Simple RNN vs GRU vs LSTM :- Difference lies in More Flexible control
When we start reading about RNN (Recurrent Neural Net) and its advanced cells, we are introduced with a Memory Unit (in GRU) and then additional Gates (in LSTM).
However, if we analyse the basic architecture of all 3,
we can easily see, there is no such Memory Unit present in the cells. But increasing number of Mathematical operations of Input(xt) and previous output (ct-1, ht-1).
Simple RNN :- Here there is simple multiplication of Input (xt) and Previous Output (ht-1). Passed through Tanh activation function. No Gates present.
Gated Recurrent Unit (GRU) :- Here a Update gate is introduced, to decide whether to pass Previous O/P (ht-1)to next Cell (as ht) or not. Forget gate is nothing but additional Mathematical Operations with a new set of Weights (Wt).
But, Math operations are performed on same inputs (i.e. xt and ht-1).
Long Short Term Memory Unit (LSTM) :- Here 2 more Gates are introduced (Forget and Output) in addition to Update gate of GRU. And again as above, these are additional Mathematical Operations on same inputs (xt and ht-1). So overall, LSTM has introduced 2 Math operations having 2 new sets of Weights.

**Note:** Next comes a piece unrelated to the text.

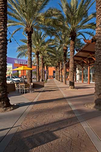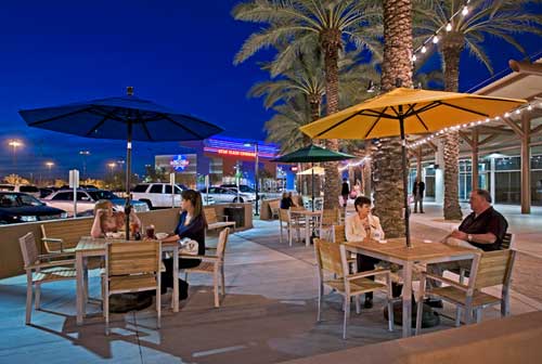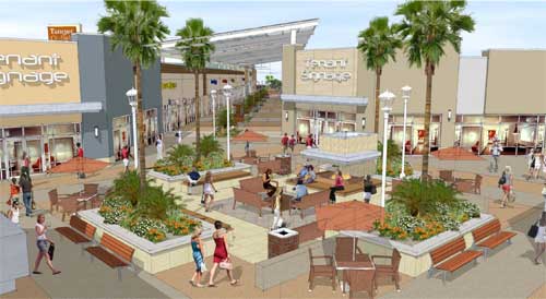 The Tanger Outlet project is an open-air concept shopping center, with emphasis placed on courtyards with ample amounts of vegetation to enhance the pedestrian experience. Amenities include large trellis structures for shade, misters, large fans, water features and outdoor fireplaces.

Considering above explanation, if we represent these Mathematical operations by Taps/Control Nobs.
We can say that, when we move from RNN to LSTM, we are introducing more & more controlling knobs, which control the flow and mixing of Inputs as per trained Weights. And thus, bringing in more flexibility in controlling the outputs.
So, LSTM gives us the most Control-ability and thus, Better Results. But also comes with more Complexity and Operating Cost.